The Treasury of Lives

Jinamitra was an Indian paṇḍita who was active in Tibet during the ninth century. He may have been from Kashmir. He likely worked at Samye Monastery (bsam yas), under the auspices of the Tibetan king Tri Srongdetsen (khri srong lde brtsan, c. 742-800).

He translated several core Vinaya texts, including the Prātimokṣa-sūtra and the Bhikṣuṇī-prātimokṣa-sūtra, both in collaboration with Chokro Lui Gyeltsen (cog ro klu'i rgyal mtshan). He translated eighty-six sūtras, such as the Mahāparinirvāṇasūtra, in collaboration with Jñānagarbha and Devacandra, and the Aksobhyatathāgatasyavyūhasūtra, with Surendrabodhi and Yeshe De (ye shes sde). He collaborated on the translation of seven texts in the tantra section of the Kangyur, and nineteen in the dhāraṇī section.

Jinamitra is credited with the translation of fifty-one texts in the Tengyur, most of which are in the Vinaya, Cittamatra, Madhyamaka, and Abhidharma sections. These include Śāntideva's Śikṣāsamuccaya and works by Vasubhandu, Nagārjuna, Asaṅga, and Guṇaprabha, as well as works by his contemporaries in Tibet Vimalamitra and Kamalaśīla.

He is said to have been a teacher to the Indian masters Siṃhamukha and Lotsāwa Candra. His Tibetan students included Kawa Peltsek (ska ba dpal brtsegs) and Lhalung Pelgyi Dorje (lha lung dpal gyi rdo rje).

 

Alexander Gardner is Director and Chief Editor of the Treasury of Lives.
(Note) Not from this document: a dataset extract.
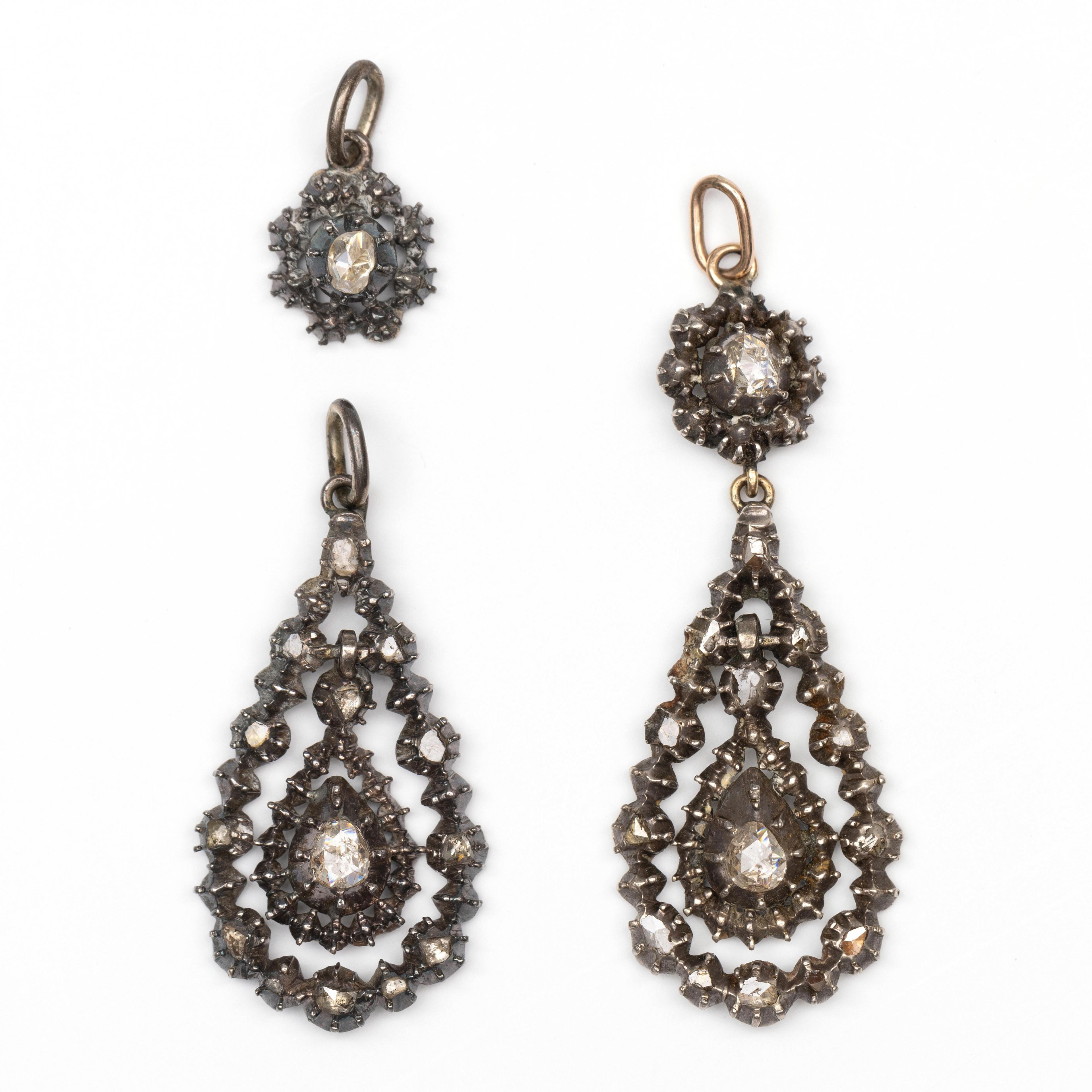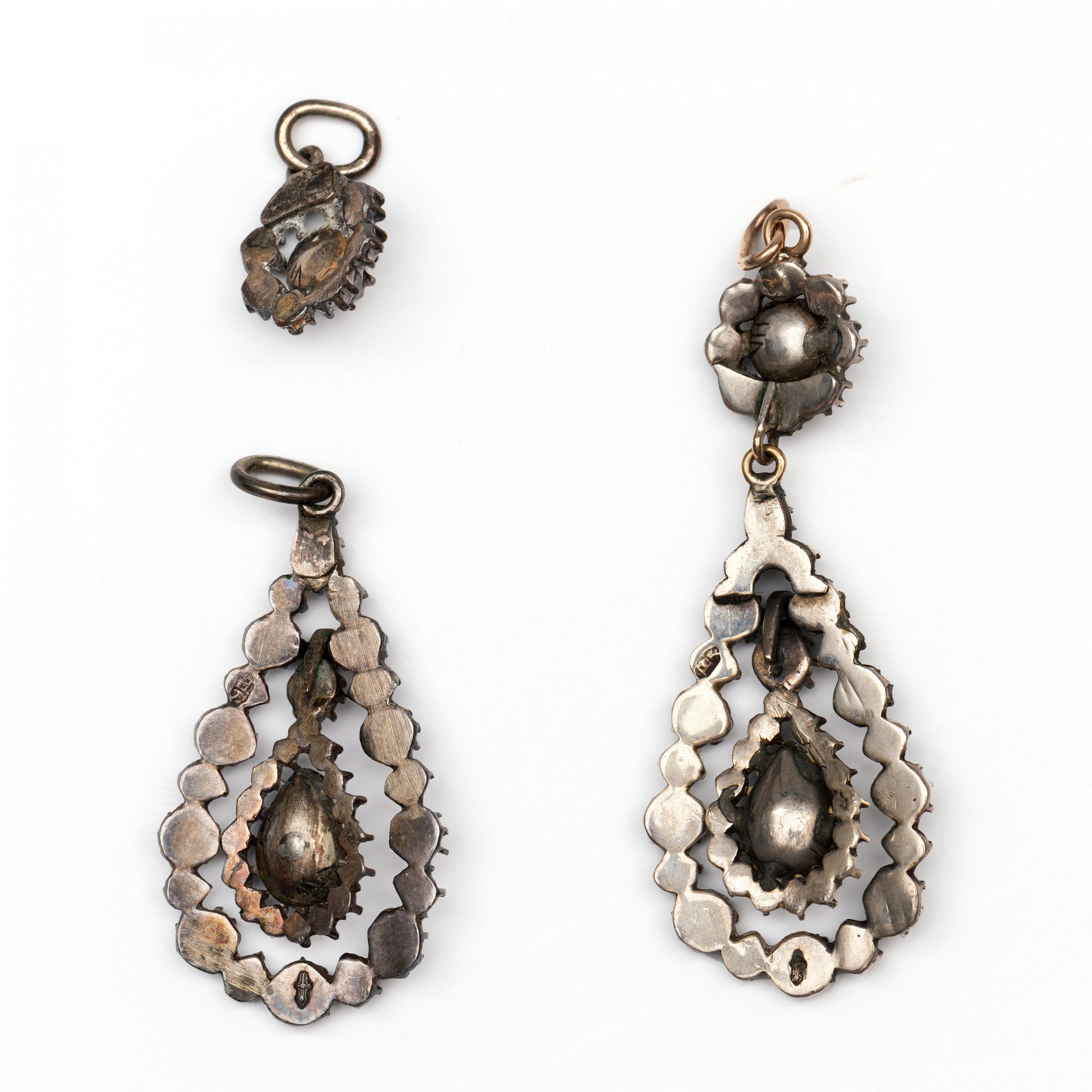 Two identical silver pendants, originally earrings, 19th century. Shaped like a drop with a rosette above it. In the center, dangling loosely, is another teardrop. Set with a rose-cut diamond. Maker's mark probably GH Barends, Amsterdam, 1852-1855

He completed his PhD in Buddhist Studies at the University of Michigan in 2007. He is the author of The Life of Jamgon Kongtrul The Great.

Published November 2019

དཔྱད་གཞིའི་ཡིག་ཆ་ཁག།

Susumu, Otake. 2007. "On the Origin and Early Development of the Buddhāvataṃsaka Sūtra." InReflecting Mirrors: Perspectives on Huayan Buddhism, edited by ImreHamar, pp. 87-107. Asiatische Forschungen.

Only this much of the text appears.